ASSIGNMENT →
Exactly and only the lines from the first entry through the line with "(Picture: Turkish Prime" should be copied, both ends included, with no pictures.
── DATA PROVIDED ──
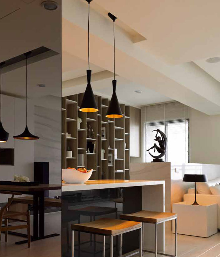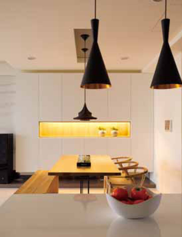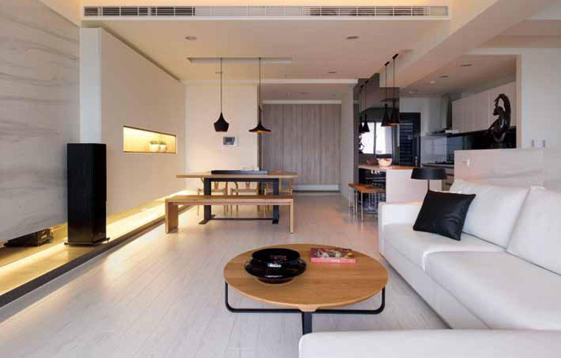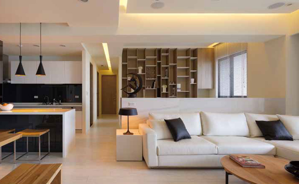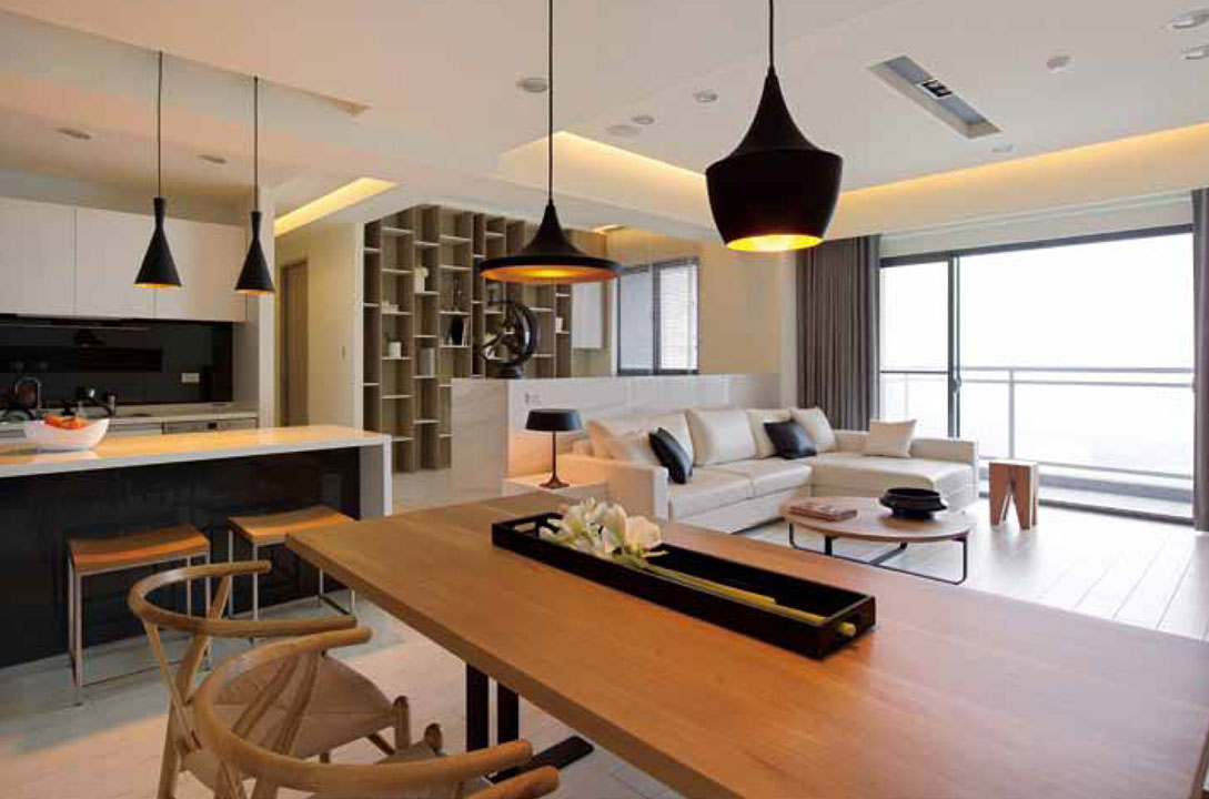 五合一空间:为了让格局呈现敞朗的开阔,设计师辙掉书房隔断,整合出玄关、客厅、餐厅、厨房、书房,表现五合一的大空间。
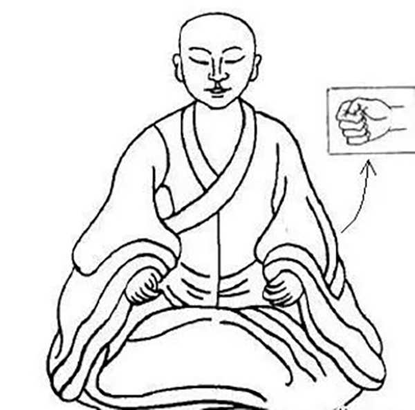 原注:盘腿而坐,紧闭两目,冥忘心中杂念。凡坐要竖起脊柱,腰不可软懈,身不可倚靠。握固者,握手牢固,可以闭关祛邪也。静思者,静心思虑而存神也(图1)。
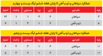 به گزارش اصفهان زیبا؛ دو تیم اصفهانی در شرایطی مهیای رقابت در هفته هفتم لیگ برتر فوتبال میشوند که از لحاظ آماری، مقایسه دو تیم در پایان هفته ششم روندی نزولی را نشان میدهد.
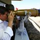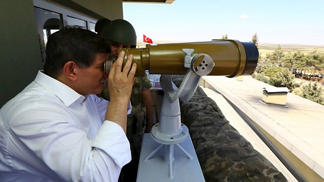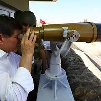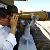 (Picture: Turkish Prime Minister Davutoglu uses binoculars to look at the Syrian side of the border. Credit: Reuters)
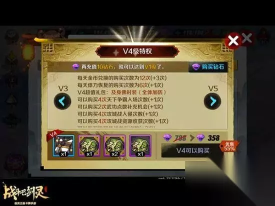 VIP4 整体提升,及身佛时装 VIP4特权礼包是358钻石购买的及身佛时装。装备之后可以全体加防,物理防御和气功防御各增加16,PVP对战,全体防御提升之后,直接让对手无从下手。VIP4特权一套服饰两种好处:既好看又能提升战力,相信爱美一族玩家一定不会错过!
───
RESPONSE FOR THIS EXERCISE →
 五合一空间:为了让格局呈现敞朗的开阔,设计师辙掉书房隔断,整合出玄关、客厅、餐厅、厨房、书房,表现五合一的大空间。
 原注:盘腿而坐,紧闭两目,冥忘心中杂念。凡坐要竖起脊柱,腰不可软懈,身不可倚靠。握固者,握手牢固,可以闭关祛邪也。静思者,静心思虑而存神也(图1)。
 به گزارش اصفهان زیبا؛ دو تیم اصفهانی در شرایطی مهیای رقابت در هفته هفتم لیگ برتر فوتبال میشوند که از لحاظ آماری، مقایسه دو تیم در پایان هفته ششم روندی نزولی را نشان میدهد.
 (Picture: Turkish Prime Minister Davutoglu uses binoculars to look at the Syrian side of the border. Credit: Reuters)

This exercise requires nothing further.